Pacquiao’s Senate Bill (SB) No. 2197 will raise around P32.3 billion in the first year of its implementation in 2019, P40 billion in 2020, P47.4 billion in 2021, P54.6 billion in 2022 and P62.4 billion in 2023, for a total of P236.6 billion, Chua said.
In endorsing the senator’s bill, Chua said computations done by the DOF’s Strategy, Economics and Results Group (SERG) show that the inflationary impact of increasing the excise tax on alcohol products under the measure would only be 0.1 percentage points.
“If inflation is, let’s say, 3.2 percent this year as the Bangko Sentral ng Pilipinas (BSP) projects, then the additional inflation will be 0.1, so 3.3 percent,” Chua said during a recent hearing conducted by the Senate ways and means committee on the proposal to increase alcohol excise taxes.
Health Undersecretary Rolando Domingo said at the same Senate hearing held before the adjournment of session last month that higher alcohol excise taxes would help curb binge drinking, which often leads to vehicular accidents and the commission of crimes.
Pacquiao, who has also filed a bill increasing the excise tax on tobacco products, said the World Health Organization (WHO) has identified alcohol as being “responsible for 1 in 20 deaths.”
The senator also said “that the cause of more than 200 health conditions, numerous cases of sexual and drug abuse, suicide, violence, and accidents are linked to alcohol intoxication.”
Citing Department of Health (DOH) data, Pacquiao said “there were 2,690 transport and vehicular crash-related injuries that were alcohol-related” in 2015.
“There has been countless debates on the positive and harmful effects of alcohol. However, unlike tobacco smoking, excessive alcohol intake affects the mind.
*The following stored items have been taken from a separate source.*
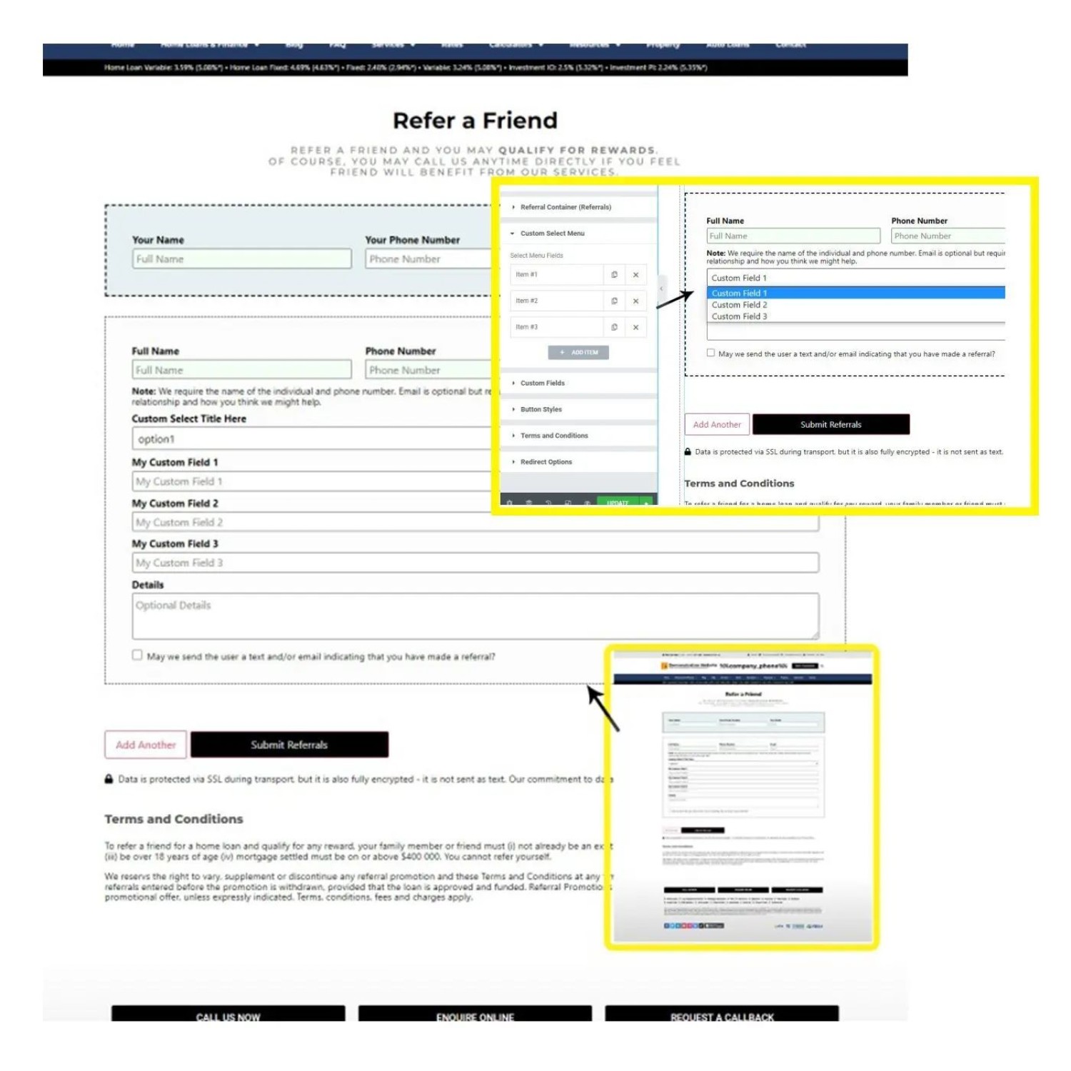 By default, or website form will show basic fields, and it'll only render a single referral option. You may, however, add more referrals via the 'Add Another' option, and you may add your own custom form fields.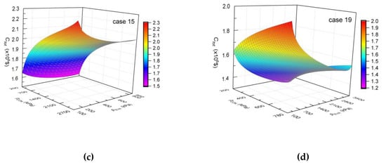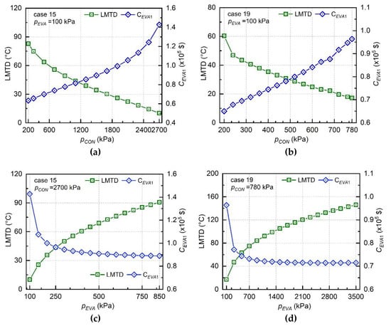 Figure 10 depicts the variations of the Logarithmic Mean Temperature Difference (LMTD) and the cost of EVA1 (CEVA1) for case 15 and case 19. As shown in Figure 10a,b, the LMTDs for the two cases have the same behavior of a decreasing trend with the increase of pCON when the pEVA remains at 100 kPa. In addition, the LMTD variation of case 15 is more dramatic than that of case 19. The LMTD of case 15 and case 19 varies in the range of 10.1–82.7 °C and 17.1–60.3 °C, respectively. The decrease of LMTD would lead to an increase of EVA1 heat transfer area, and thus result in CEVA1 increase. As shown in Figure 10c,d, the LMTD increases with the increase of pEVA when the pCON maintains at their highest pressure. The LMTD of case 15 increases from 10.1 °C to 90.6 °C when the pEVA increasing from 100 kPa to 850 kPa. The LMTD variation of case 19 is larger than that of case 15, which changes from 17.1 °C to 145.9 °C when the pEVA varies in the range of 100 kPa to 3500 kPa. The CEVA1 decreases with the increase of pEVA and the results are in accordance with the results shown in Figure 7c,d.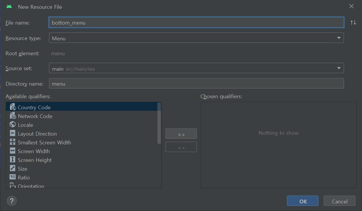 5개 버튼 이용해서 res 우클릭 후 New Resource Directory에서 menu 만들고 menu 우클릭 후 bottom_menu.xml 만든다.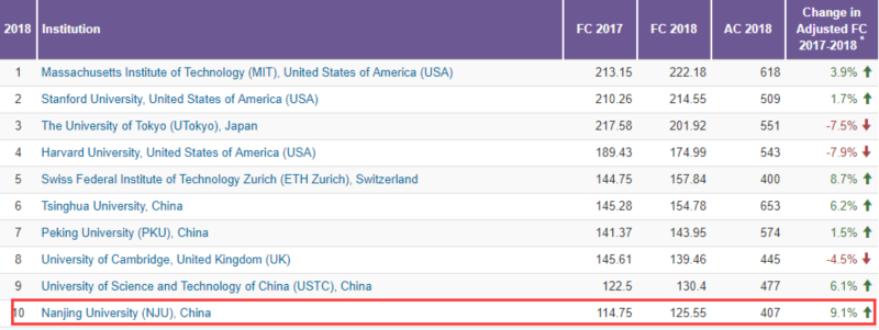 在过去三年FC值增幅最大的50家机构中,有43家中国机构,并且包揽了前10位,其中位居前五的是中国科学院大学、上海交通大学、清华大学、凯发k8官网和四川大学。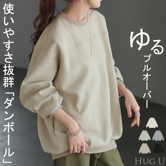 トップス スウェット ダンボール プルオーバー レディース トップス ロング トレーナー オーバー シワになりにくい 無地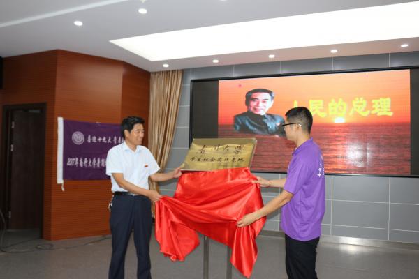 社会实践基地挂牌交接仪式。接下来,双方交换纪念品,展演团向纪念馆赠送了恩来故事中英对译纪念集以及伊利论坛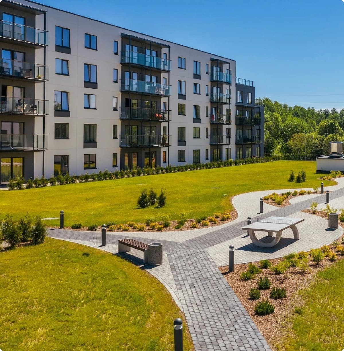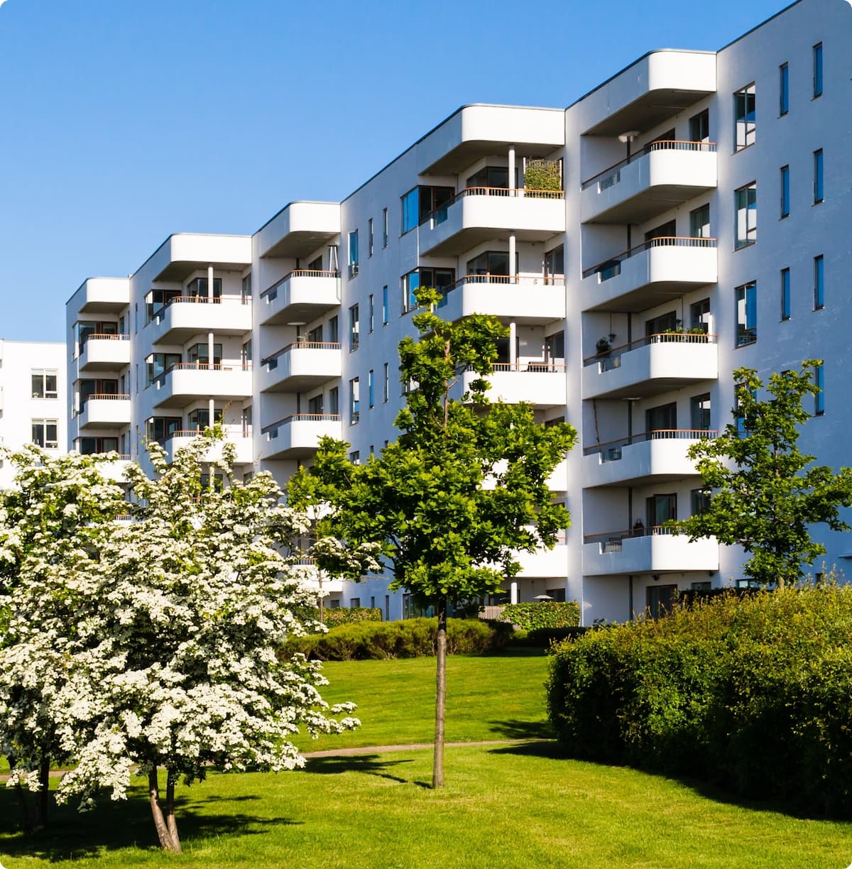 Landscaping with trees, bushes, and green courtyards surrounds the homes, with paths opening toward a nearby lake. This reflects Nordic respect for nature — urban life intertwined with calm, clean spaces — offering beauty, balance, and restoration after war.
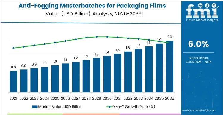 The global anti-fogging masterbatches for packaging films market is forecast to expand from USD 1.1 billion in 2026 to USD 2.0 billion by 2036, registering a steady compound annual growth rate (CAGR) of 6.00% over the forecast period. Market growth is being driven by rising demand for transparent, high-performance food packaging, alongside increasing emphasis on shelf-life protection, product visibility, and supply-chain reliability.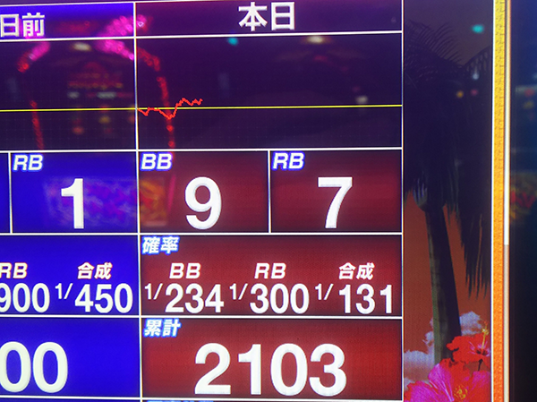 終盤もボーナスを消化する時間に苦戦し、思うようにゲーム数を伸ばせず…。ペースを上げられないまま、キビしい状況が続いていた。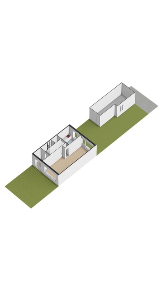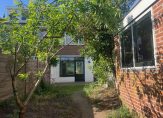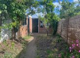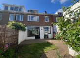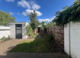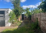 De zonnige achtertuin beschikt over een stenen garage en een achterom.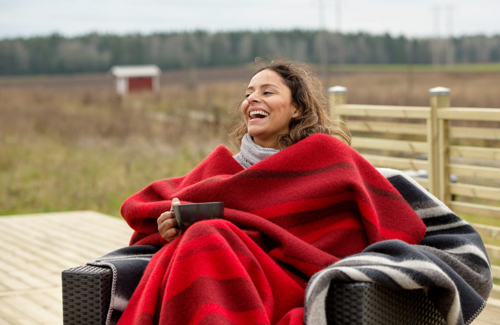 Tillverkad i 100% ull är den mjuk, varm och skön med en äkta lyster som bara naturens material kan ge. När du sveper filten runt axlarna möts jorden och himlen på framsidan. Och som en symbol för skyddande och bevarande egenskaper har du den röda husväggen bakom ryggen. Filten är ett konstverk där formgivaren fritt tolkat Falu Rödfärg och tagit fram en design som rymmer hela det svenska landskapet. Den är en kombination av tradition och nyskapande och håller, liksom Falu Rödfärg, i generationer. Designen innefattar 21 kulörer – vilket speglar antalet naturliga mineraler i Falu Rödfärg.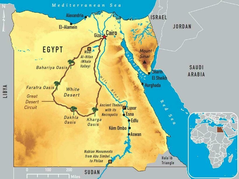 При домашнем выборе египетского места отдыха опытные туристы первым делом находят географическую карту страны, читают путеводители, заходят в интернет, чтобы уточнить погоду в нужном месяце. Но обычная международная политическая схема не дает полной информации об египетских курортах. По ней вы сможете только определить расположение Египта на севере Африки, увидеть географических соседей, столицу страны.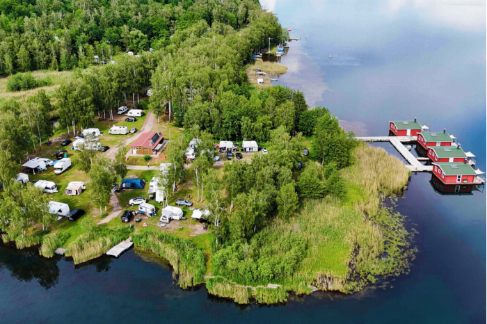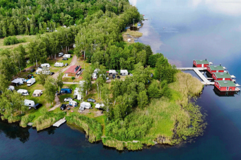 Watersportcamping gelegen aan meer met strand, met een boven- en benedengedeelte. Boven tussen de bomen en beneden aan het water. Schoon sanitair. Gloednieuw (2023) luxe sanitair op het benedengedeelte van de camping.
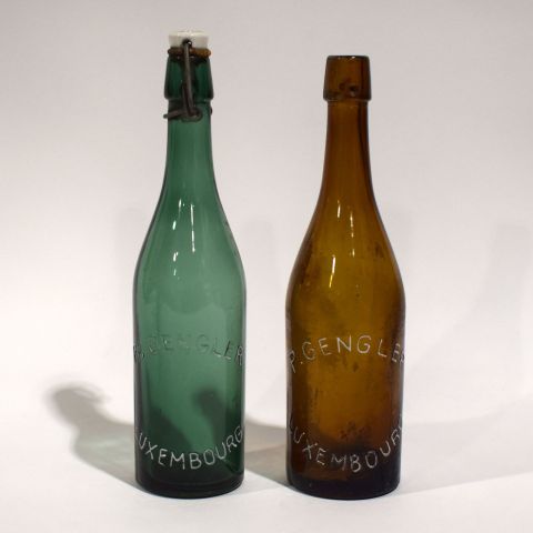 Antique brown glass bottle engraved "P. GENGLER. Luxembourg" with missing stopper. Includes dark glass bottle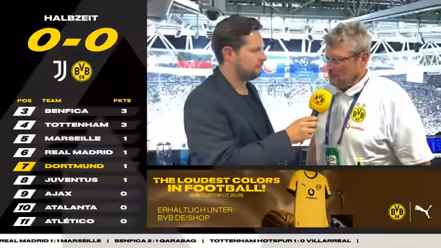 01:09:21Die erste Halbzeit wird analysiert, wobei die defensive Stabilität des BVB hervorgehoben wird, während man sich offensiv mehr Aktionen wünscht. Der Ballbesitz lag bei 56 Prozent für den BVB, aber Juve hatte mehr Torschüsse (7 zu 2) und Ecken (3 zu 2). Beide Mannschaften liefen fast 60 Kilometer. Es wird diskutiert, ob zur Halbzeitpause gewechselt werden sollte, aber man entscheidet sich dagegen, der Mannschaft die Chance zu geben, sich weiterhin zu beweisen und ab der 60. Minute je nach Spielstand zu reagieren. Felix Matcher und Adeyemi werden positiv hervorgehoben. Es wird kurz über das Set im Studio gesprochen, insbesondere über einen originalen BVB-Wimpel und ein Stadion-Heft aus der Vergangenheit. Anschließend wird Min, der sich im Stadion befindet, angerufen. Er berichtet von der Stimmung hinter dem Tor und erwähnt ein Feuerwerk vor dem Spiel. Min tippt auf einen 1:0-Sieg für den BVB und verabschiedet sich, um seiner Arbeit nachzugehen.

It affects judgment. These mindless judgments have affected the lives of countless people: including women, children, and the elderly. Will we allow people to continue these mindless actions?” said Pacquiao in seeking the swift approval of SB 2197 before the committee chaired by Sen. Sonny Angara.
Pacquiao said the full implementation of the UHC program requires continuous funding, which can be sourced from the incremental revenues to be collected by the government via the adoption of his proposal to impose higher taxes on alcohol and tobacco products.
“By increasing the tax on alcohol, along with tobacco, we can help the government raise funds that will ultimately benefit all our citizens. This would bring far greater good to our countrymen compared to whatever benefits alcohol may have to some consumers,” he said.
Aside from increasing excise taxes on alcohol products, Pacquiao’s bill also seeks to further hike the tax rates by 10 percent annually to account for inflation and income.
The bill also removes the distinction on whether fermented liquors are brewed and sold in microbreweries and pubs or in factories for simpler tax administration.
Under SB 2197, an ad valorem tax equivalent to 25 percent of the net retail price (excluding the VAT and excise tax) per proof and a specific tax of P40 per proof liter will be imposed on distilled spirits starting 2019. The specific tax will increase by P5 per proof liter every year thereafter until 2022. Starting 2023, the specific tax will be increased by 10 percent every year.
Pacquiao’s bill also proposes a tax on sparkling wines and champagne of P335 for those costing P500 or less per 750 ml bottle and P937 for those costing more than P500. Still wines and carbonated wines containing 14 percent alcohol or less will be taxed P40 per bottle, while those with more than 14 percent but not more than 25 percent alcohol by volume, will be taxed P80. The tax rates for wines will increase by 10 percent every year thereafter effective 2020.
Fortified wines containing more than 25 percent of alcohol by volume will be taxed as distilled spirits.
For fermented liquors, the tax shall be P40 per liter, regardless of where they are sold or manufactured in 2019, and will increase by P5 per liter until 2022. The tax rates will then be increased by 10 percent every year thereafter under the Pacquiao bill.